Yürüyüşler, Sudan ordusu ile birlikte savaşan silahlı gruplar ve İslamcı hareketlerle koordineli olarak Seferberlik ve Halk Direnişi Yüksek Komitesi’nin çağrısı üzerine düzenlendi.

efrgt
Cumartesi günü Port Sudan'da ordu yanlısı yürüyüş (AFP)

Seferberlik ve Halk Direnişi Yüksek Komitesi lideri Korgenereal Beşir Mekki el-Bahi, geçtğimiz ay, Kordofan’ın tüm cephelerinde orduyu desteklemek için genel seferberlik ilan edildiğini ve bazı eyaletlerde eğitim kamplarının açıldığını duyurdu.

Bahi, komite tarafından yayınlanan açıklamasında şunları söyledi:

“Bu yaygın halk ayaklanması, Sudan halkının gerçek iradesini yansıtıyor ve ulusal devlet kurumlarının üzerinde hiçbir meşruiyet olmadığını teyit ediyor.”
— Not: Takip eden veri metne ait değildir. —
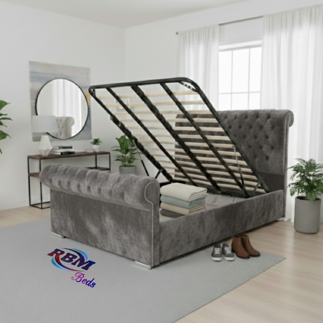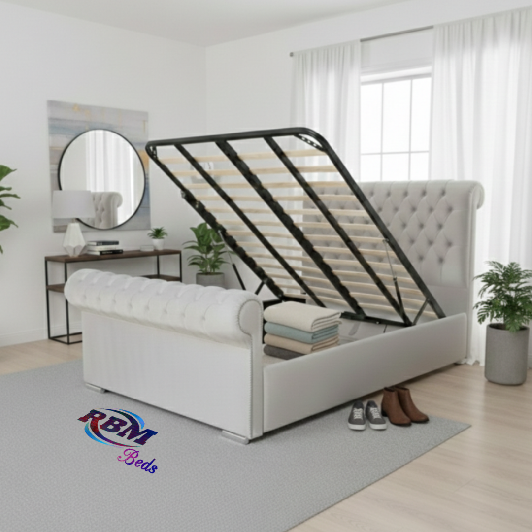 The gas-lift ottoman mechanism is supported with durable gas pistons, allowing easy access to your storage space. Once the ottoman is raised it will hold position allowing you to be hands-free. Our Ottoman Gas Lift Storage beds are intentionally designed without an internal base panel. Stored belongings sit directly on the floor, which helps protect the structure of the bed by reducing excess weight and maintaining overall balance. The lift-up design allows full use of the space beneath the mattress, while the neatly positioned side rails keep stored items discreetly hidden from view for a tidy finish.

Şarku’l Avsat, aralarında Hartum, Port Sudan, Medeni, Dongola, Sennar ve Halfa’nın bulunduğu, Sudan ordusunun kontrolündeki eyaletlerin başkentlerinde düzenlenen yürüyüşleri yerinde takip etti.

HDK'nın yaygın ihlallerine tanık olan El Cezire eyaletinin merkezindeki onlarca belde ve küçük köyde de dayanışma gösterileri düzenlendi.

Protestocular, Sudan ordusuna destek çağrısı yapan pankartlar açarken ‘Tek ordu, tek halk’ sloganları attı. Bazı protestocular ise HDK'nın terör örgütü olarak sınıflandırılması çağrısında bulunan sloganlar attı.

Öte yandan başta Sivil Demokratik Devrimci Güçler İttifakı (Sumud) olmak üzere savaş karşıtı güçler, ‘Barışa ve demokrasiye evet. Savaşa, askeri yönetime hayır’ sloganıyla sosyal medyada yaygın olarak paylaşımların yapıldığı bir kampanya başlattı.